Встал ночью и стал молиться в темноте. А что еще делать во время бессонницы. И неожиданно предстал передо мной образ Владимира Константиновича Журавлева, о котором я десять лет как собирался написать. И не писалось.

И на этот раз решил попробовать и вот удивительно… пишу. Одно лето жили мы с ним, его супругой и младшим сыном в старинной избе в деревне Притыкино, на берегу Волги. Они с супругой и сыном жили в горнице с печкой. Это небольшая комнатка — зимняя. Единственная, в которой можно зимовать. Все остальное, вместе с пристройкой, еще одной комнатой, и верандой — сени.

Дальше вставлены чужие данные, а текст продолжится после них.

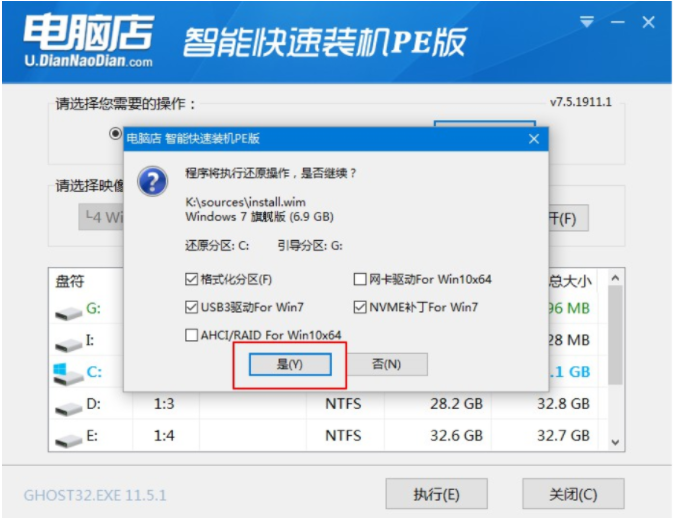11. 彈出一鍵還原窗口后,建議默認勾選,選擇“是”。

Зимой тут холодно.

Я ночевал на сеновале, то есть — на чердаке. Широченный, метров 200 квадратных потолок, из темных в обхват бревен, сложенных так плотно, что и ножа между брёвнами не просунешь, а между ними еще и мох.

Обедали мы на веранде, очень вместительной, с длинным и широким деревянным столом. Несколько лет тут проводили каникулы преподаватели лицея им. Серафима Саровского. А в тот год, мы остались только вчетвером и роскошествовали в просторных палатах. До обеда и после Владимир Константинович, сидя на веранде, читал акафист Казанской Божьей Матери. Читал неспешно, несколько икосов зараз. А потом делался перерыв. Так что весь акафист прочитывался за несколько дней. Иногда он делал остановку и добавлял свои комментарии, в основном филологические, не богословские. И я слушал этот акафист, и Владимир Константинович был не против. А потом оказалось, что он даже очень рад, что я остаюсь на веранде и слушаю, хотя иногда даже и задремывал, особенно после обеда.

Мы сдружились, и я мог даже заходить в их светелку почти без стука. А дверь была всегда немного приоткрыта, это значило, что можно заходить.

И однажды, по какому-то делу, я влетел в светелку и увидел, что Владимир Константинович стоит у икон. Молча стоит, и я подлетел, думая, что он просто так стоит, и хотел уже что-то говорить ему на ухо. Он и слышал слабовато, а видел совсем плохо. Но когда я влетел и стал вплотную к нему, и нагнулся, чтобы говорить, то понял, что он молится про себя. Совсем не слышно. Я остановился, и онемел, потому что почувствовал, что он молится в ароматном облаке. Я влетел в это облако, и оно охватило меня. А Владимир Константинович продолжал молиться, словно, не чувствуя моего присутствия, хотя мое быстрое дыхание колыхало его волосы, еле слышно что-то шепча, а то и останавливаясь и умолкая, молясь одним умом. Я хотел было выйти, чтобы не мешать. Но чудо этой молитвы меня остановило. Я ведь тоже могу молиться, подумал я, и стал как бы внимать его мысленной молитве. И так мы стояли довольно долго в тишине. И облако окружало нас, и я вдыхал аромат, не зная, откуда он исходит.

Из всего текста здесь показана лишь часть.